Supreme Court did not err in denying defendant's CPL 440.10 motion without a hearing, as the allegations raised therein were based upon information in the record and, thus, were reviewable on direct appeal (see CPL 440.10 [2] [b]). Defendant now contends that one of these claims — that the People committed prosecutorial misconduct by failing to disclose the conflict of interest created by the CI's representation by the same counsel who originally represented defendant — depends on evidence outside the record as to when the People learned of the conflict or when knowledge of the conflict could be imputed to them. However, this argument disregards the fact that the first indictment did not arise from the controlled transactions involving the CI. Thus, no conflict existed until the first indictment was consolidated with the second indictment, from which the conflict of interest arose. The record reveals that the consolidation took place in May 2014, and that new counsel was assigned for defendant later that same month. Defendant makes no claim that he received ineffective assistance of counsel as a result of the conflict during this brief period, and, as his defense could not have been harmed by a conflict that did not exist, any information about the period before the consolidation would be irrelevant. Thus, the motion was properly denied (see People v Herbert, 147 AD3d 1208, 1210-1211 [2017]; People v Jones, 101 AD3d 1482, 1483 [2012], lv denied 21 NY3d 1017 [2013]; People v Vallee, 97 AD3d 972, 974 [2012], lv denied 20 NY3d 1104 [2013]).

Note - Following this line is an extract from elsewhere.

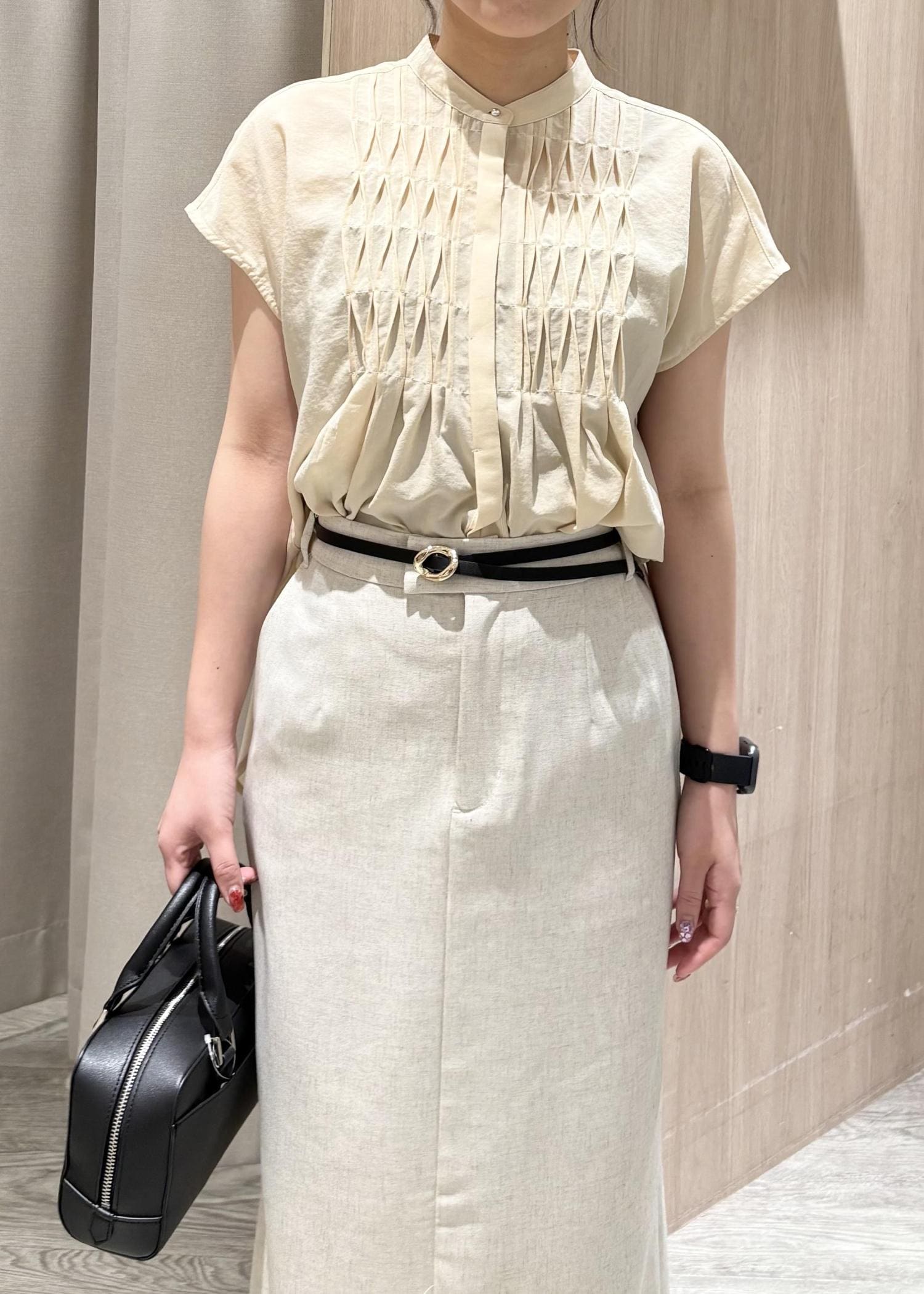 アウトレットVIS【接触冷感/洗える】気流染めスモッキングブラウスイエロー / F¥3,457レビュー短めの袖ですが肩が隠れるため、使いやすいデザインになっています。

Defendant's remaining contentions, including those raised in his pro se submission, have been examined and found to be lacking in merit.
Egan Jr., Clark, Mulvey and Rumsey, JJ., concur.
ORDERED that the judgment and order are affirmed.
Footnote 1: The juror used the term "second" while describing his relationship with two cousins, and it was unclear whether he was referring to the cousin who was the witness.
Footnote 2: Contrary to the People's claim, the record clearly establishes that defendant exercised all of his peremptory challenges. Also, contrary to defendant's claim, it is clear that defendant exercised the additional peremptory challenge.